Toughness is another problem your customers may encounter with greens. Some greens are just naturally tougher than others, but even greens that can be very tender, like spinach, toughen in cold weather or as they mature.

One option to counter this problem is to develop a good working relationship with local organic farmers, who can pick greens and deliver them to you at their most tender peak (local organic farmers are also one of the best sources for some of the more unusual varieties of greens). The problem with commercial greens can be that they're often picked when they're more mature, since tougher leaves are more durable for shipping.

However, harvesting isn't the only issue with tough greens—it's also a matter of how they're prepared. When cooking naturally tougher greens such as kale or collards, one trick is to shred the leaves and mix more delicate varieties of greens into the dish for balance. Also, steaming tough greens a little longer than more tender varieties can help.

Eat And Enjoy
Produce managers who are up on their greens can do their customers a great service. By helping them to understand the intricacies of selection and preparation, you can introduce even the most reticent customer to the wonderful world of greens.

Mary Taylor and Lynn Ginsburg are the co-authors of the upcoming book What Are You Hungry For? to be published by St. Martin's Press in January 2002 ( They also write the "Eating Wisely" column for Yoga Journal magazine.

Bitter Greens: From Least To Most

Mâche (lamb's lettuce)
Swiss chard, red chard
Beet greens
Collard greens
Turnip greens
Italian dandelion
Broccoli raab

Mixing And Matching Greens

Unbeatable Braised Greens
1 Maui or other sweet onion, chopped
1 tablespoon olive oil
1/2 pound mushrooms, sliced
1 tablespoon lemon juice
1 bunch kale, cleaned and shredded
1/4 cup dry white wine
1 clove garlic, minced
3/4 cup vegetable or chicken stock
2 bunches chard, cleaned and torn
1/2 teaspoon salt
1/4 teaspoon nutmeg
Freshly ground black pepper
2 tablespoons butter (optional)

1. In a large skillet, saute the onion in the olive oil until translucent, about 5 minutes. Add the mushrooms. Toss to coat with oil, then continue to cook for about a minute. Sprinkle the lemon juice over the pan and cook until the mushrooms have softened, about 5 minutes.

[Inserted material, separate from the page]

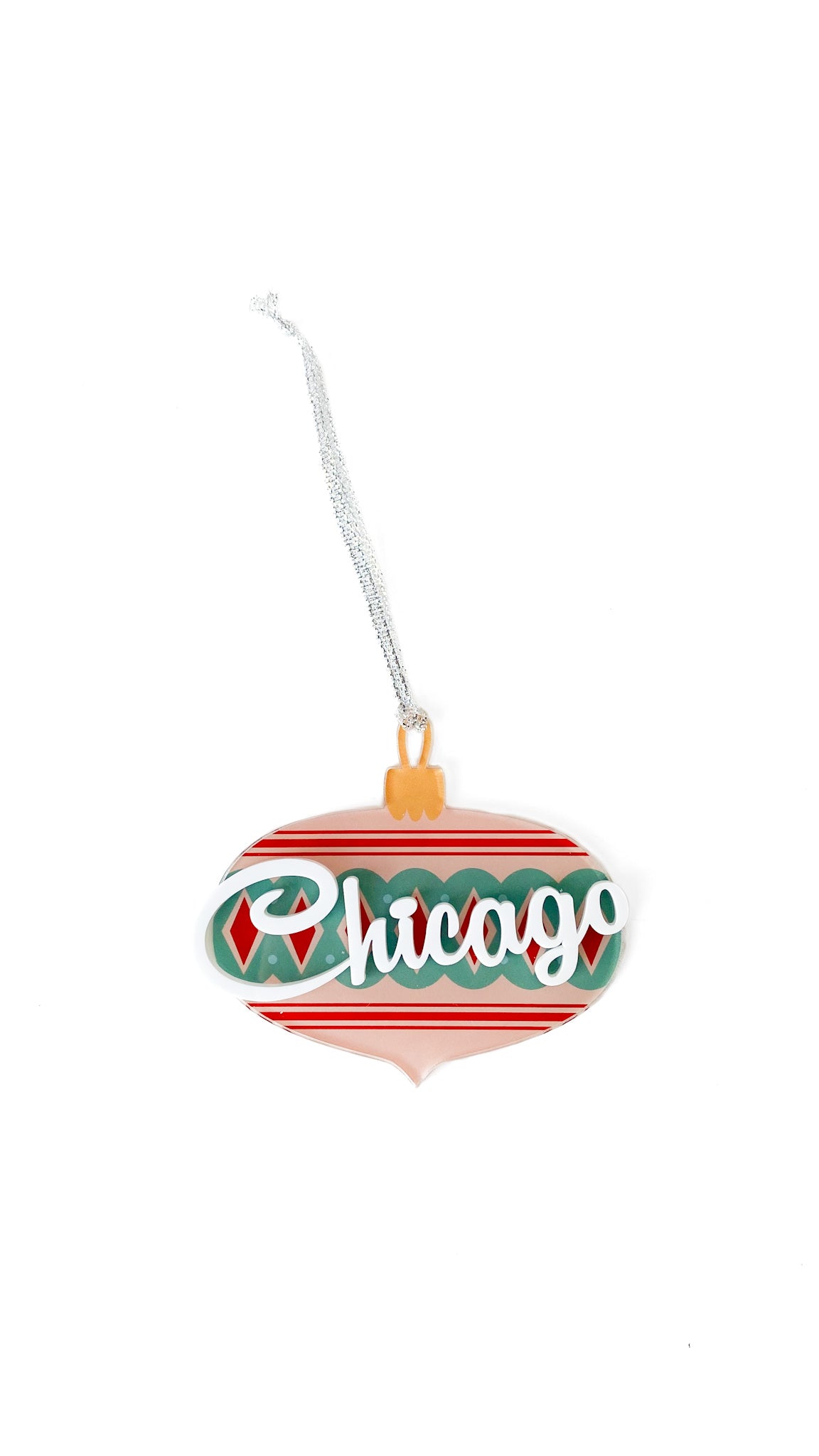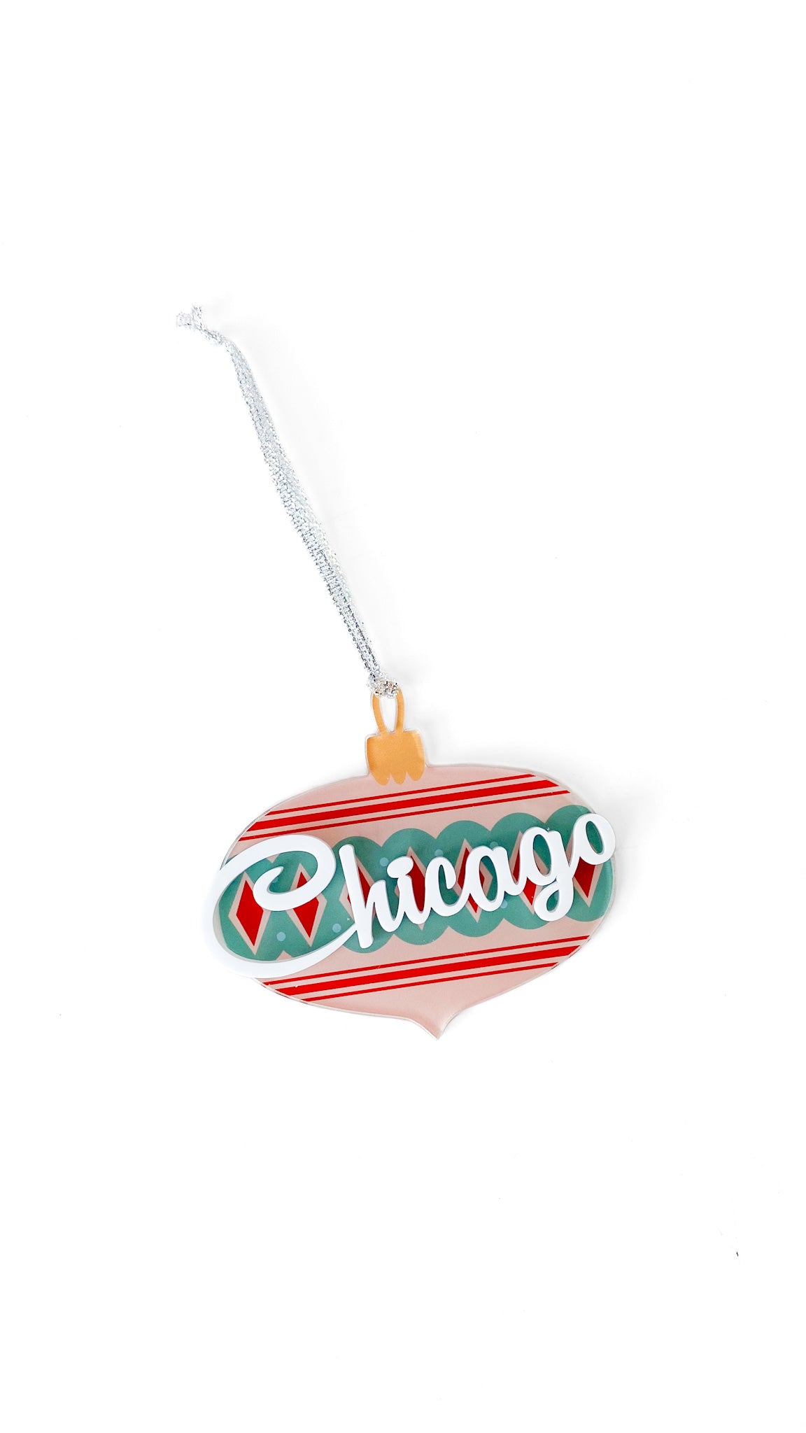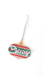 Vintage bauble ornament reading "Chicago" in white script font. Made out of acrylic.

2. Add the kale to the skillet, mixing it with the mushrooms and onion. Cook on high flame for about 1 minute, then add the wine and allow it to cook until the smell of alcohol evaporates, stirring constantly. Stir in the garlic and half the stock, then reduce to a simmer. Cover the pan part way and continue to cook until the kale has begun to soften, about 8 minutes.

3. Add the chard, toss and cook until it begins to soften. Stir in the remaining stock, salt, nutmeg and pepper. Cook, partly covered and stirring often, until the greens are tender. Raise the heat and cook quickly for a minute or so until most of the stock has cooked off. Remove the pan from the heat and stir in the butter, then immediately turn out onto a serving dish.